Quella riportata nel titolo di questo articolo è una delle frasi più celebri, gettonate e pronunciate all’interno delle nostre case quando accade che qualcuno di noi protragga per lungo tempo una appagante attività video-ludica.
All’inizio la frase può far pensare alla necessità di cessare la suddetta attività in conseguenza del fatto che siano richiesti la nostra presenza ed il nostro aiuto in determinati momenti della giornata, come la preparazione della cena, ma la realtà è che la medesima frase esprime significati e connotazioni molto più profonde.
Dietro l’apparente, semplice richiamo alla necessità di svolgere mansioni per la casa e la collettività familiare, si esprime un più profondo e velato disprezzo verso l’intrattenimento video-ludico, incastrato all’interno di un sofisticato mosaico ideologico che cerca di utilizzarlo come controparte negativa rispetto ad una ipotetica “crescita” e/o “presa di responsabilità”.
La tendenza, da parte della società occidentale, a basarsi su stereotipi e modelli non ha risparmiato il mondo dei videogiochi, da sempre relegato, in larga parte dell’immaginario collettivo, al ruolo di puerile intrattenimento, specifico per bambini.

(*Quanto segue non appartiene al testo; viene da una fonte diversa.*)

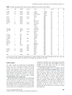 region hosting the cheek teeth and the incisors. In both cases, point to the centre of gravity of the outline) were calculated.
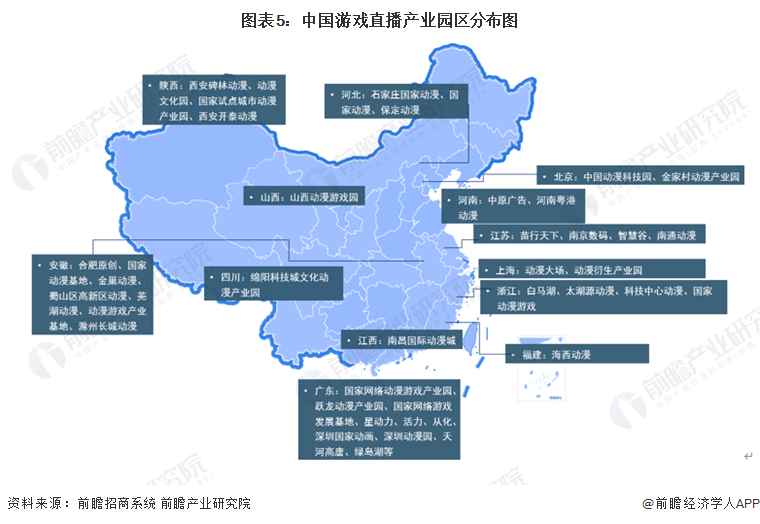 中國遊戲直播企業主要分佈在廣東與浙江地區,廣東代表性企業有虎牙直播、網易CC與企鵝電競等;浙江地區代表性企業有電魂網絡、完美世界與湯姆貓等。
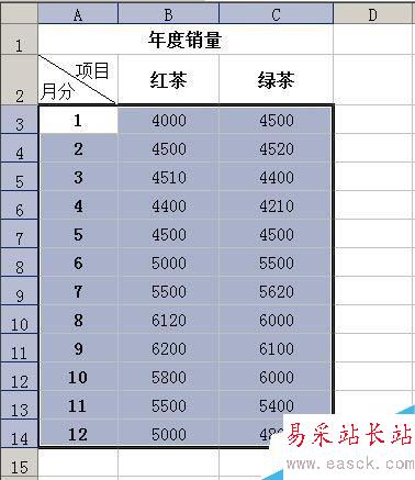 光標放在A3單元格,點住不放,拖移到C14單元格,如圖所示。

In conseguenza di tutto ciò che è stato appena descritto, la società ha anche più volte tentato di utilizzare il mondo dei videogiochi come capro espiatorio per coprire carenze ben più profonde e storicamente radicate all’interno del tessuto sociologico.
Sono state numerose le occasioni in cui gli organi ufficiali di stampa ed informazioni hanno tentato di attribuire ai videogiochi il fattore scatenante di alcuni eventi anche molto gravi, come risse o addirittura sparatorie, alla “violenza” dei videogiochi dimenticando, di proposito o meno, di analizzare tutta una serie di fattori e gli effetti dell’interazione fra i medesimi fattori interni alla società che sono realmente alla base di determinati accadimenti.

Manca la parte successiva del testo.